Investigating lysozyme amyloid fibrillization by electrochemical impedance spectroscopy for application in lysozyme sensor

Abstract

• GO/SPE was used for investigation of lysozyme fibrillization. • Fibril and amorphous structures of lysozyme were investigated by the non-Faradaic EIS. • Lysozyme protofibril-modified GO/SPE could detect lysozyme in phosphate buffered saline and in wine. • The binding specificity of lysozyme onto its protofibril structure was advantaged for lysozyme biosensor. Amyloid fibrils have garnered increasing attention as viable building blocks for designing and synthesizing of biomedical material. The structure of amyloid fibril of most of the proteins are well known, but the electrical property of their conformational changes during synthesis is not fully understood. Herein, we investigated this relationship by using non-Faradaic electrochemical impedance spectroscopy (EIS). Lysozyme (Lyz) from hen egg white was used as a model protein and incubated under heat (60 °C) at pH 2 which led to the amyloid fibrillization.
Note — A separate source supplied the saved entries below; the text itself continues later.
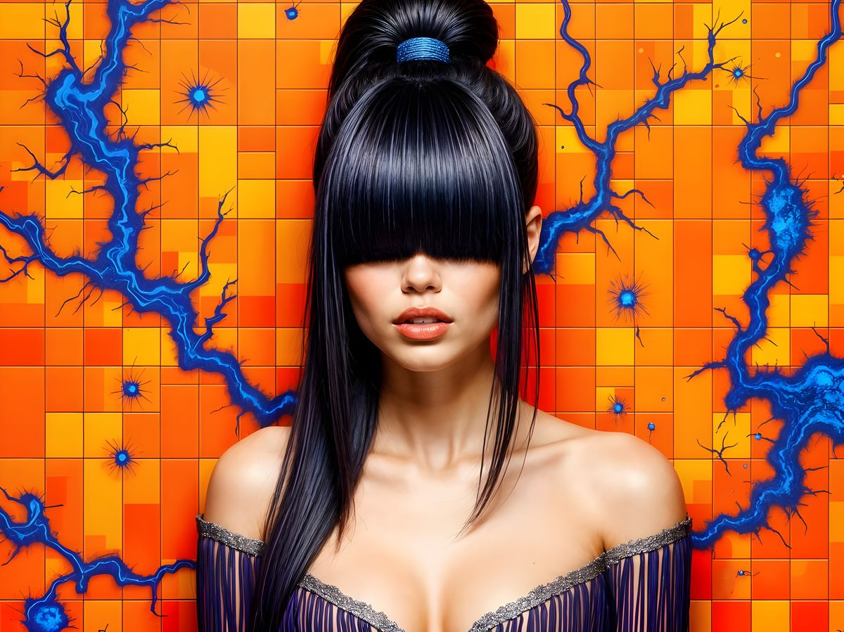 A vibrant image of a woman with striking blunt bangs and a high ponytail, set against a backdrop of electric orange and blue lightning. The image has a bold, modern aesthetic.
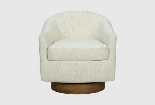 The Ashton Cream Beige Upholstered Swivel Chair with Wood Base offers a perfect blend of modern style and comfortable design for your living room. Its neutral cream color and curved shape make it a versatile addition to any decor, while the wood base provides stability and a touch of natural warmth. Features a swivel design for easy movement. Crafted from 100% polypropylene fabric. Neutral cream color complements various interior styles.
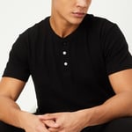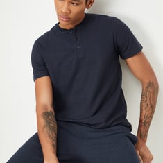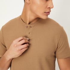 Look effortlessly stylish by wearing this T-shirt featuring a knit design. It has a Henley neck, half sleeves, and a three-button placket.

Morphological changes during fibrillization were confirmed by AFM. Raman spectroscopy was used to distinguish amyloid fibrils from their native and amorphous structures. For EIS measurement, graphene oxide coated screen-printed electrode (GO/SPE) was immobilized with Lyz aggregates obtained from different incubation times. The charge transfer resistance (R ct ) of incubated Lyz was measured to determine the fibrillization pathway of amyloid fibril i.e., unfolding and nucleation, protofibril (PF, a short fibril) and mature fibril. Next, PF-modified GO/SPE (PF/GO/SPE) was demonstrated to determine Lyz molecules dissolved in PBS and in wine using EIS. The dependence of R ct of PF/GO/SPE on Lyz concentration was reported. Linear range and limit of detection (LOD) of detecting Lyz molecules in PBS and in wine were the same. The linear range and LOD were 0.005–0.08 μM and 0.001 μM, respectively. PF/GO/SPE sensor was found to have good selectivity to recognize Lyz. These findings show that PF/GO/SPE sensor provides an attractive component for future electrochemical sensing devices.